1. Cominciamo da iosa, che è una parola molto particolare: infatti iosa si usa solo nella locuzione
avverbiale ‘a iosa’.
solo nella loc. avv. a iosa, in grande quantità, in abbondanza: ce n'è a iosa; ne abbiamo a iosa
[etim. incerta - 1481]
[Zingarelli 2020]
L’ultima informazione proviene dal Dizionario etimologico della lingua italiana di Cortelazzo e Zolli: ‘non è
stata ancora avanzata una proposta etimologica attendibile. Quella abbastanza ripetuta (DEI, Devoto Avv.)
da (D)io sa! non è molto convincente’.
Quella spiegazione compare per la prima volta nel Dizionario Etimologico Italiano di Battisti-Alessio. E si può
attribuire a Battisti. Battisti era trentino, studiò a Vienna con Meyer Luebcke e poi fu docente di glottologia
a Firenze per lunghi anni.
Vediamo un’etimologia diversa, però. Nel libro si vede dettagliatamente spiegata una proposta di Parenti,
che quindi qui non ripetiamo, e l’ipotesi parte da una sequenza aiosa che è attestata in precedenza e che
sarebbe stata rianalizzata come a iosa. La sequenza unitaria aiosa era una sorta di esortazione, un grido
cadenzato usato per coordinare più persone in lavori di forza, come in questo esempio, estratto da un
manoscritto del Trecento di esercizi di matematica.

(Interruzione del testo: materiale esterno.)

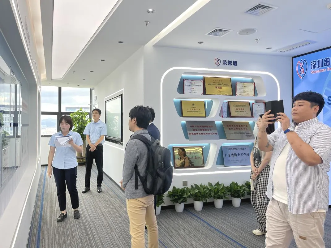 ; Zhang Fan from the Sales Department of Smart IC Co., Ltd.; Wang Jiannan, General Manager of Shenzhen Xinyang Investment Management Co., Ltd., Chen Lili, Assistant to the General Manager of the aforementioned company; Yang Jun, Industry General Manager of Shenzhen Yawei Information Technology Group Co., Ltd.; Cheng Bing, Operations Manager of China-Canada Enterprise Innovation Centre; and Chen Qi, General Manager of henzhen Idea Touch Information Consulting Co., Ltd. visited Shenzhen Cell Valley Biomedical Co., Ltd. for inspection and exchange. Shenzhen Cell Valley's Chairman Professor Shi Yuanyuan, Chief Scientist Professor Wang Jianxun, Deputy General Manager Tang Xiaomeng, General Office Director Luan Zhishi, Assistant to the Chairman Wei Zheng, Sales Department Head Yang Borui, Sales Department Supervisor Yan Chengkun, and Marketing Department Supervisor Gulnara Halim warmly received them. Both parties held discussions on planned cooperation directions between China and Japan.

La scena descrive il sollevamento dell’albero di una nave.
È tratta dal Libro di ragioni del 1328 ed è di Paolo Gherardi da Firenze: “Fammi questa ragione: elli è uno
albore che giace in terra ed è lungo 60 palmi e vuolsi levare dricto d’in piè e ’ maiestri che levano el arbore
gridano aiosa aiosa e a ogni voce lo capo dell’alboro, cioè la puncta, si leva un palmo; vo’ sapere in quante
voci serà levato lo decto arbore su dricto”.
C’è poi un testo poetico più tardo che ci mostra l’esortazione nella sua variante meridionale aiossa. Il testo è
di un autore calabrese ma viene da Napoli.
In questo caso l’esortazione aveva la funzione di quello che con nome latino chiameremmo celeuma. Il
celeuma era il grido cadenzato che dava il ritmo ai vogatori. Poi nel testo ancora si spiega che questa
esortazione ayossa si suole dire sulle galee dei catalani. Infatti, siamo nel periodo in cui a Napoli regnava una
dinastia aragonese. Quindi l’etimo di aiosa è il catalano aiòs, usato con la stessa funzione di esortazione.
Se vogliamo andare fino in fondo, il catalano aiòs risale al greco ἅγιος ‘santo’, il tramite secondo Parenti
sarebbe la sequenza agyos agyos agyos che si trova nella liturgia mozarabica in uso nella penisola iberica
nell’alto medioevo. Questa sequenza corrisponde al sanctus sanctus sanctus della liturgia romana.
Torniamo all’esortazione napoletana che a Napoli è rimasta in uso per vari secoli come ‘orsù’, sempre dal
catalano viene la nota esclamazione sarda, ancora in uso, ayò, che ha una variante meno usata ayòsa.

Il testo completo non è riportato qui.